* _Work item_:
Return the lines below that contain the word "Olympia".

--- Data excerpts Enclosed Below ---

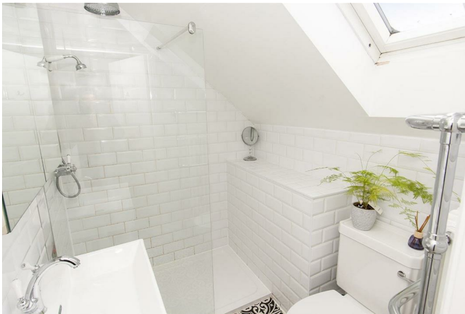
En-Suite 6'9" x 5'5" (2.06 x 1.65)

Re-fitted shower room comprising: Double walk in shower, hand basin and low level WC. Feature wall and floor tiling. Heated towel rail. Velux window to rear aspect.
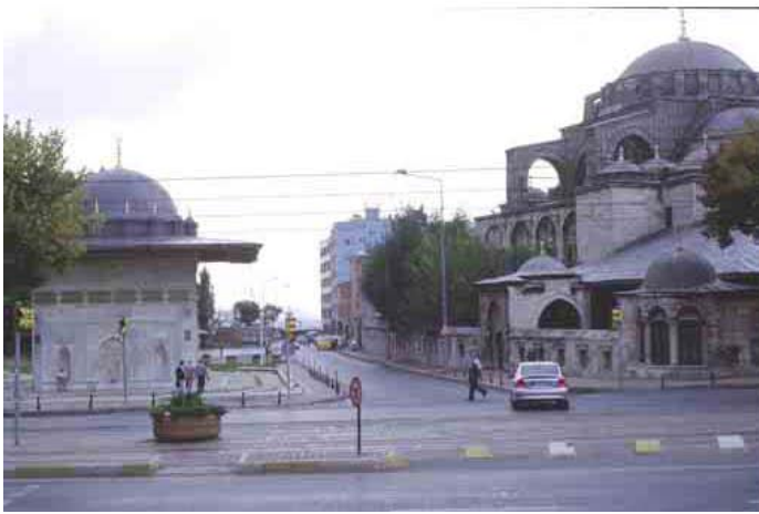
19. Tophane Fountain and Kılıç Ali Paşa Mosque, 2006
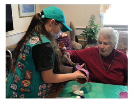
Providing service to the elderly, Bedford, NH, Troop 60053 helped the residents of an assisted living facility in making planters to brighten up their rooms for springtime. The Girl Scouts also shared stories and sang songs with the group.
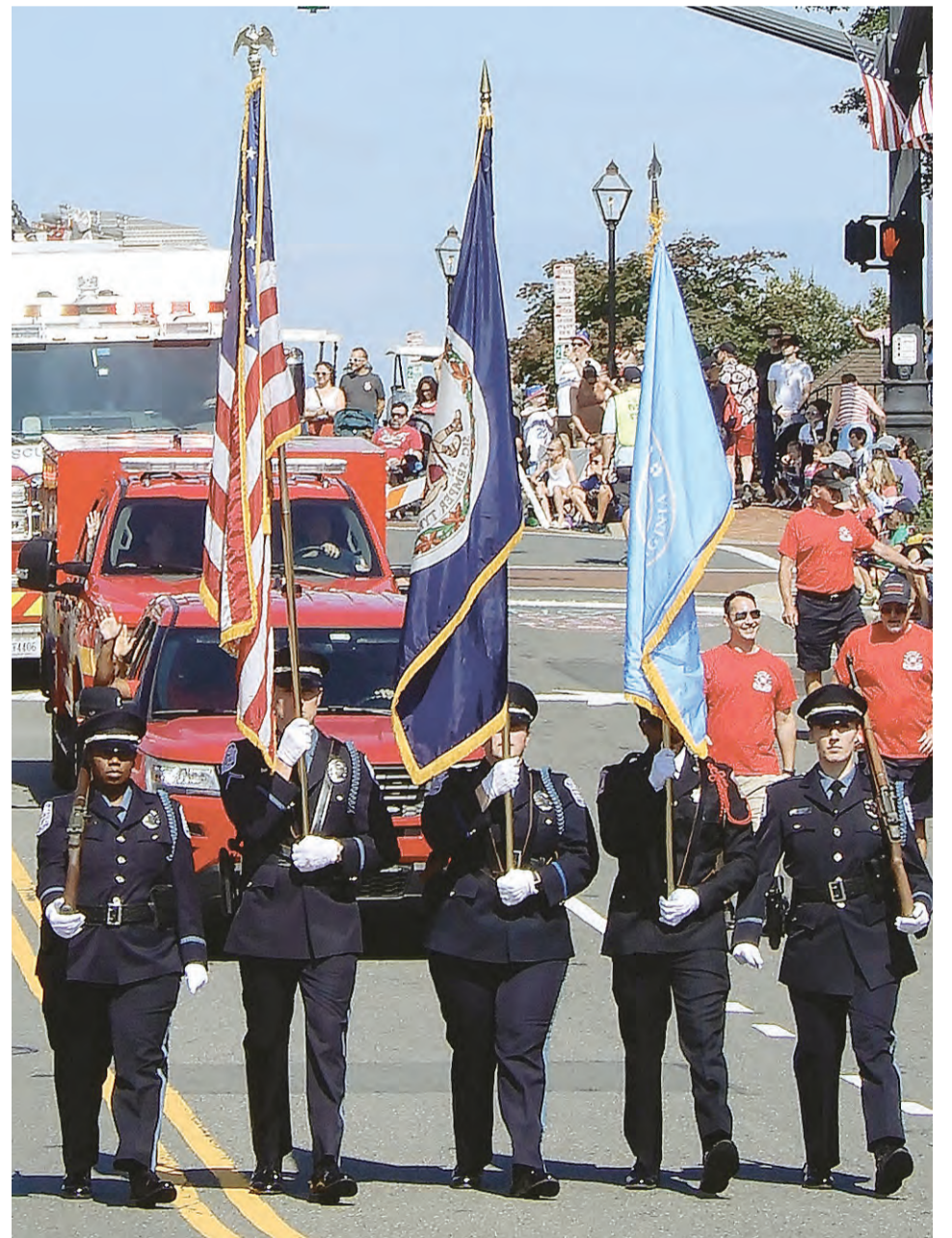
Fairfax City Fire Department Honor Guard.
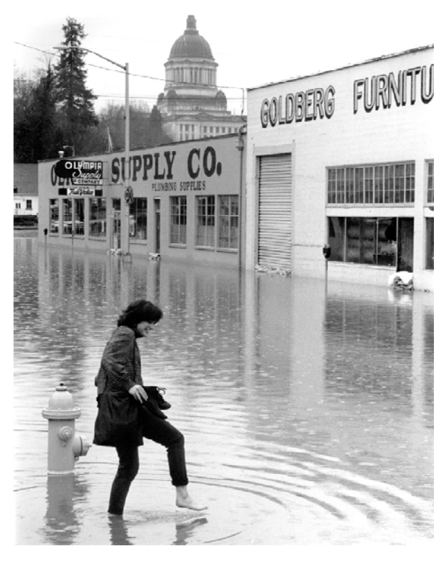
Flooding in Downtown Olympia, circa 1975

To understand the potential for flooding in downtown Olympia it is important to first
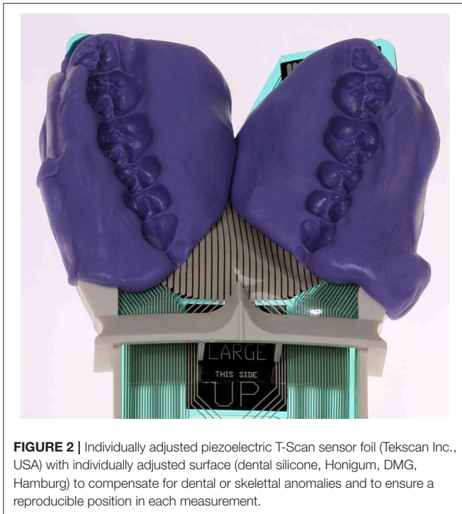
FIGURE 2 | Individually adjusted piezoelectric T-Scan sensor foil (Tekscan Inc., USA) with individually adjusted surface (dental silicone, Honigum, DMG, Hamburg) to compensate for dental or skeletal anomalies and to ensure a reproducible position in each measurement.

arch using dental silicone (Honigum, DMG, Hamburg). Doing so helps to compensate for some of SMA typical dental or skeletal anomalies by flattening the contact surface ( Figure 2 ). Compatibility of the intraoral T-Scan sensor with the I-Scan software guarantees an accurate calibration, equilibration, and quantification of bite force (31). The combination of T-Scan sensor foil and I-Scan software has been successfully applied in preliminary studies (32, 33). Though less cost-efficient than unilateral bite force measurement via the Flexiforce sensor (29), this safe, straightforward clinical application may be an attractive alternative in the case of larger patient groups.
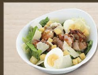
Chicken Caesar Salad
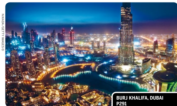
BURJ KHALIFA, DUBAI P291
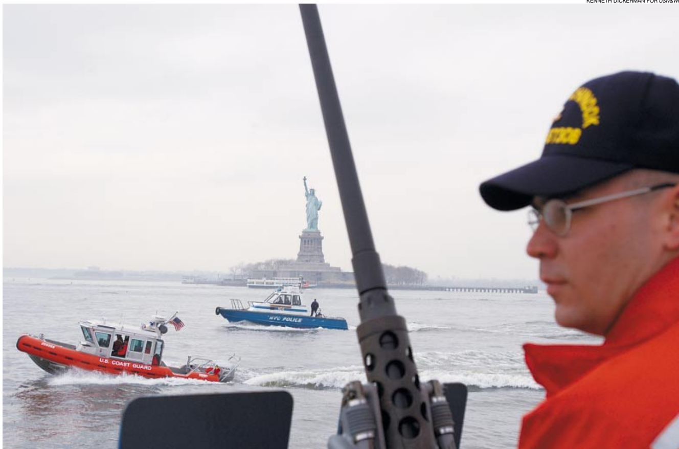
SURE PATROL. Officers of the U.S. Coast Guard and New York Police Department monitor traffic near the Statue of Liberty.
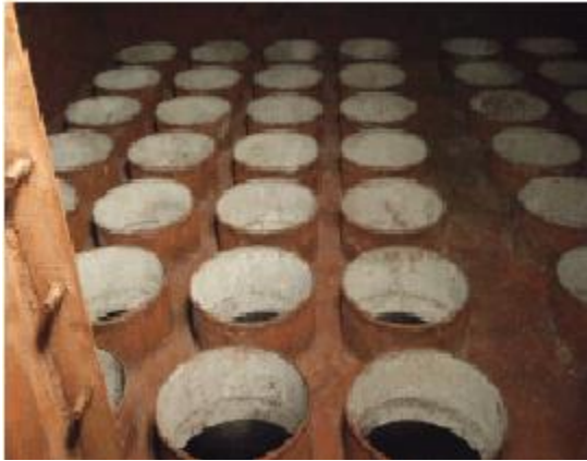
Before – upper area
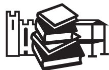
Boeken rond het Paleis – annual antiquarian book market
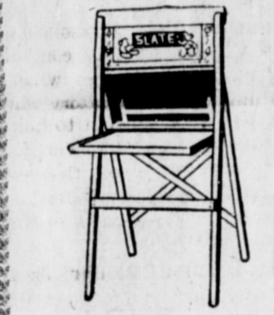
$2.95 and $4.25
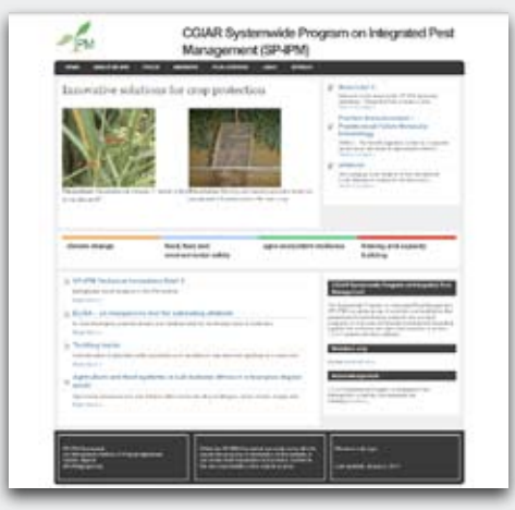
The new SP-IPM website went live end of 2009. www.spipm.cgiar.org

Beginning in 2010, a quarterly e-newsletter was launched, targeting SP-IPM members and partners, investors, and interested individuals and organizations. This newsletter features activities of the Secretariat and achievements of SP-IPM members; provides information about events and new and finalized projects; and allows members to introduce themselves and their work.

--- End of Enclosed Data excerpts ---

* _Result of the task_:
Flooding in Downtown Olympia, circa 1975
To understand the potential for flooding in downtown Olympia it is important to first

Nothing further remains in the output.